ハゲ丸は醤油ジェラートを食べながら。樹はバニラジェラートを食べながら。部活動が終わる時間をぼーっと待つのみだった。
「……醤油ジェラートって美味しいんですか?」
「ん? んー……珍味」
醤油の味はあまり濃くなく。しかし甘みの中にしょっぱさがあってそれが絶妙な味を醸し出している。

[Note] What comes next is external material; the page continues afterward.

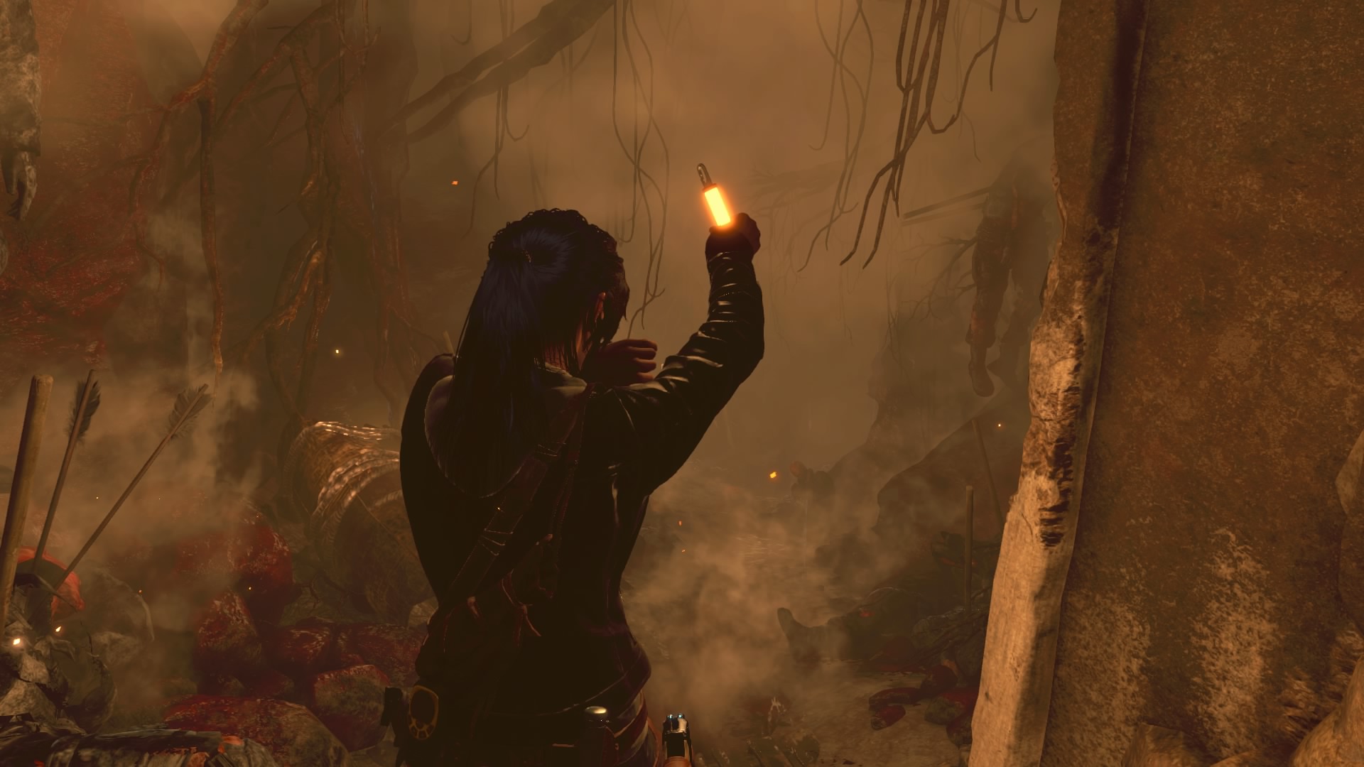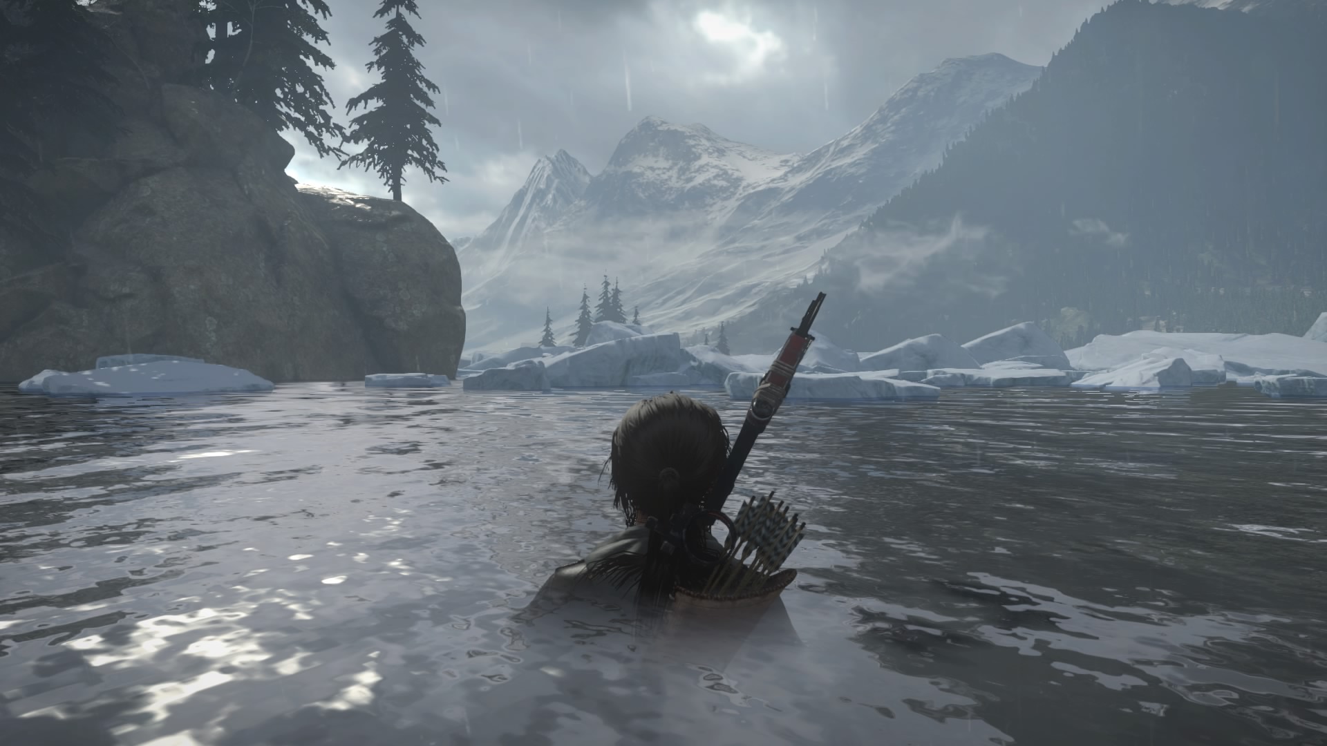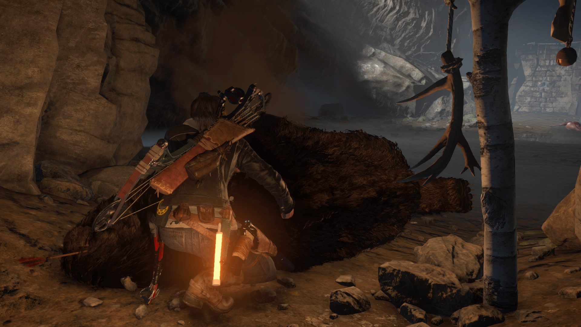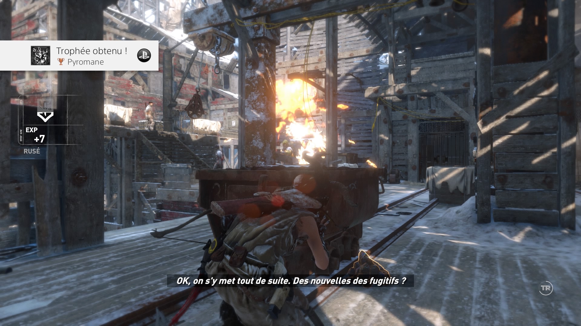 Le désert, les ruines, le sable, la poussière, puis 15 minutes après (et une évasion d’un lieu ancien que l’on fait misérablement exploser), finit la Syrie, et le jeu se déroulera intégralement en Sibérie. Dommage. Mais bon, la Sibérie, c’est beau, surtout sous la neige. Mais avant de parler du gros défaut de l’œuvre outre son manque d’identité, parlons des ajouts. Ceux-ci sont peu nombreux, et Crystal Dynamics n’a jamais poussé à fond les éléments qui auraient mérités de l’être, comme par exemple la survie. Quand on commence véritablement le jeu, seul, perdus, il fait froid, il faut prendre des forces et chasser, comme dans le premier, avec l’arc. Une idée encore une fois intéressante, mais qui passé ce passage, ne servira à rien, à part pour récupérer de la fourrure et améliorer des armes donc. Les développeurs ont ajoutés des prédateurs dans la forêt, et malheureusement, à part quelques loups que l’on croisera par hasard (et une fois, je suis tombé nez à nez avec un jaguar ou un truc du genre), ces prédateurs se limiteront à deux passages obligatoires, avec un ours, puis avec un Lynx. Limité donc. Dans le même ordre d’idée, notons l’ajout de la neige, qui par endroit sera plus profonde, et Lara ne pourra donc pas courir, ni sauter ou faire de roulades. Ce qui peut être gênant quand un ours nous poursuit. Mais ces moments sont encore une fois peu nombreux. Sinon dans les ajouts intéressants mais arrivant tardivement, on pourra noter l’ajout du grappin, qui rappellera des souvenirs aux vieux joueurs, ainsi qu’un couteau de chasse, permettant de nouvelles éliminations silencieuses et de couper des cordes. Les tombeaux facultatifs sont de retour, et les développeurs ajoutent à cela des missions secondaires, très simples. Parler à un PNJ, aller soit ramasser un objet, soit tuer des ennemis, retourner parler au PNJ, et à nous l’expérience.

ハゲ丸自身、どうしてバニラジェラート、ストロベリージェラート、チョコジェラートに続いて醤油ジェラートなんて作ったのか覚えていないが、どうしてか醤油ジェラートだけはかなり自信があったので作ってみた始末だ。その結果は、そこそこ美味い。普通に食べれるという評価。
自分で作っておきながらこんな評価なのは自分でも不思議だったが、しかし作ってしまったのなら仕方ない。自分で処理しようと食べたのだが、その結果はそこそこ食べられる。というよりも普通に美味しい。
「なんか、ハゲ丸先輩のジェラートってどこかで食べたことがあるような……」
「え? あぁ、なんか記憶の無い時期にイネスって所に通ってまで研究してたらしいぜ? 親も俺からあんま聞いてなかったみたいでよく知らないらしいけど」
イネス、とは大型のショッピングモールだ。その中にあったらしいジェラート店へハゲ丸はどうしてか足繁く通ってジェラートの研究をしていたらしい。樹も、昔に行ったことがあり、そこのジェラートを食べたことがあるのだろう。
当の樹は言われてもピンとこないらしいが、後日風から聞いた話ではまだ両親が存命のころ、ちょっとした遠出をした際に行ったことがあるとかないとか。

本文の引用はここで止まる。